> _DIRECTIONS FOR THIS TASK_
Give back each line of the data exactly as it reads, minus the pictures.

> _COLLECTED MATERIAL_

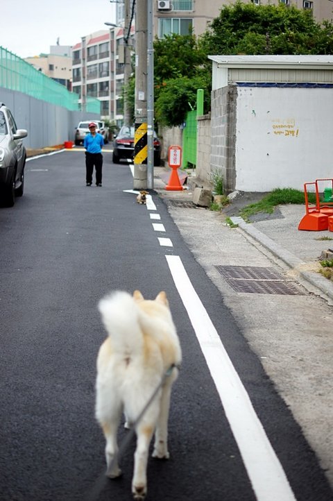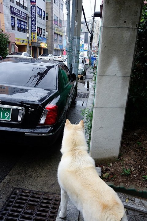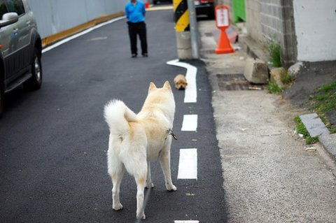 동네 산책 나왔어요. 고양이를 찾아서 두리번 거리는 심바
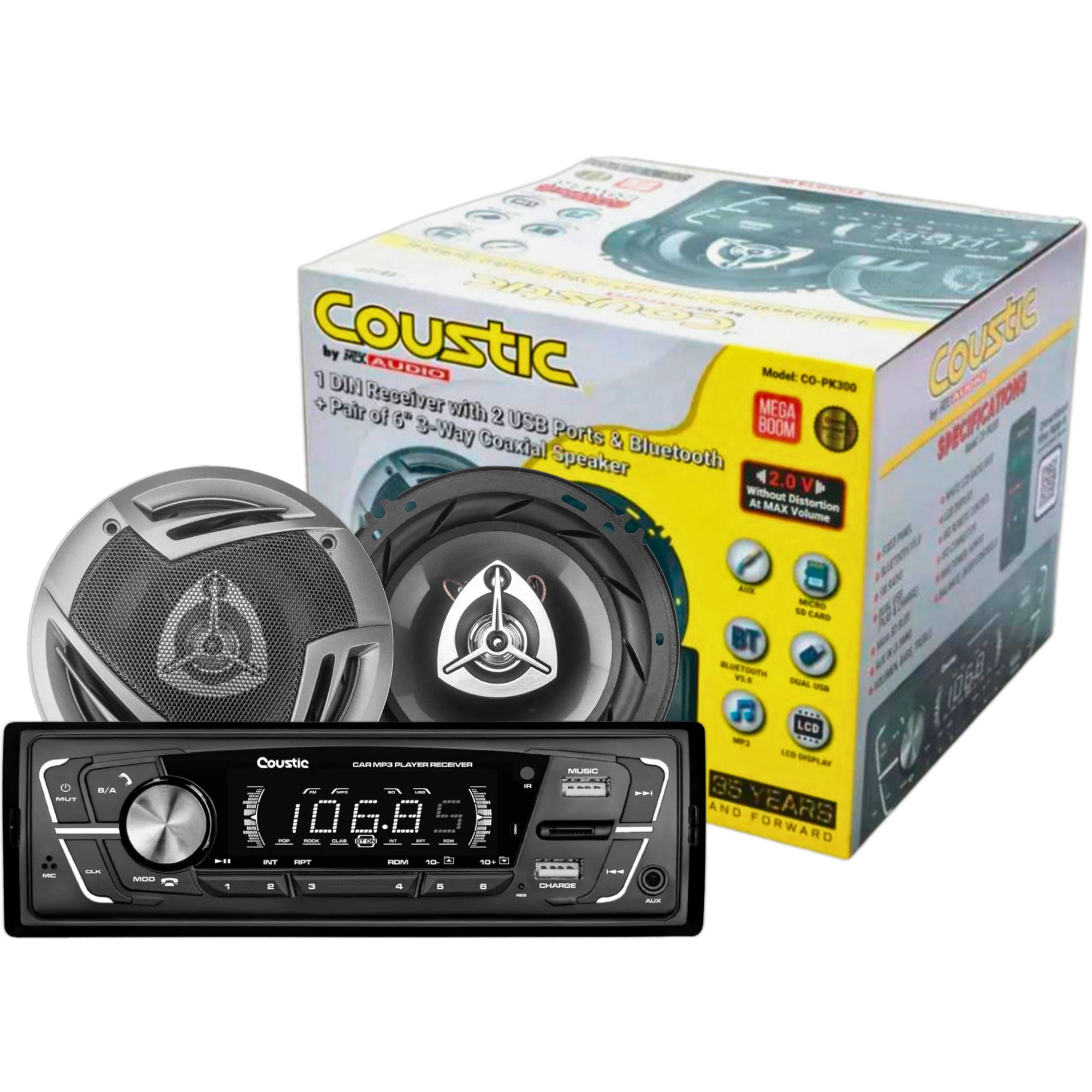El paquete de estéreo 1 DIN Coustic CO-PK300 con bocinas de 6 pulgadas es ideal para mejorar el sistema de sonido de tu automóvil. Con conectividad Bluetooth, dos puertos USB, y lector de tarjetas SD, disfrutarás de tu música favorita en todo momento. Las bocinas ofrecen un sonido claro y potente gracias a su diseño coaxial de 3 vías.
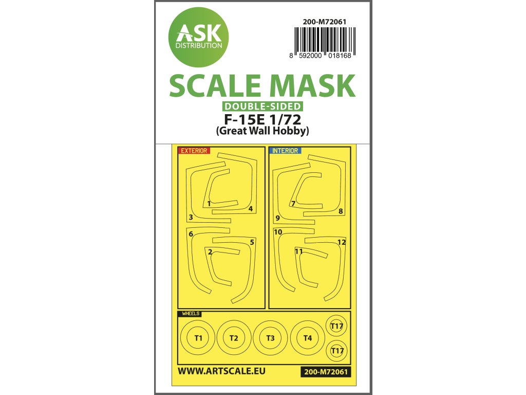 1/72 F-15E samolepící oboustranná maska pro stavebnici Great Wall Hobby. Kabina - vnější a vnitřní strana a masky koleček. Katalogové číslo: 200-M72061 v excelentní kvalitě a nejlepší technologickou výrobou průřezu folie. Číselný potisk společně s návodem jednoznačně definuje části masky a jejich konkrétní umístění a aplikaci.
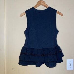 Elegant sleeveless top with a layered ruffle hem. Perfect for versatile styling.

> _FINAL ANSWER_
 동네 산책 나왔어요. 고양이를 찾아서 두리번 거리는 심바
El paquete de estéreo 1 DIN Coustic CO-PK300 con bocinas de 6 pulgadas es ideal para mejorar el sistema de sonido de tu automóvil. Con conectividad Bluetooth, dos puertos USB, y lector de tarjetas SD, disfrutarás de tu música favorita en todo momento. Las bocinas ofrecen un sonido claro y potente gracias a su diseño coaxial de 3 vías.
 1/72 F-15E samolepící oboustranná maska pro stavebnici Great Wall Hobby. Kabina - vnější a vnitřní strana a masky koleček. Katalogové číslo: 200-M72061 v excelentní kvalitě a nejlepší technologickou výrobou průřezu folie. Číselný potisk společně s návodem jednoznačně definuje části masky a jejich konkrétní umístění a aplikaci.
 Elegant sleeveless top with a layered ruffle hem. Perfect for versatile styling.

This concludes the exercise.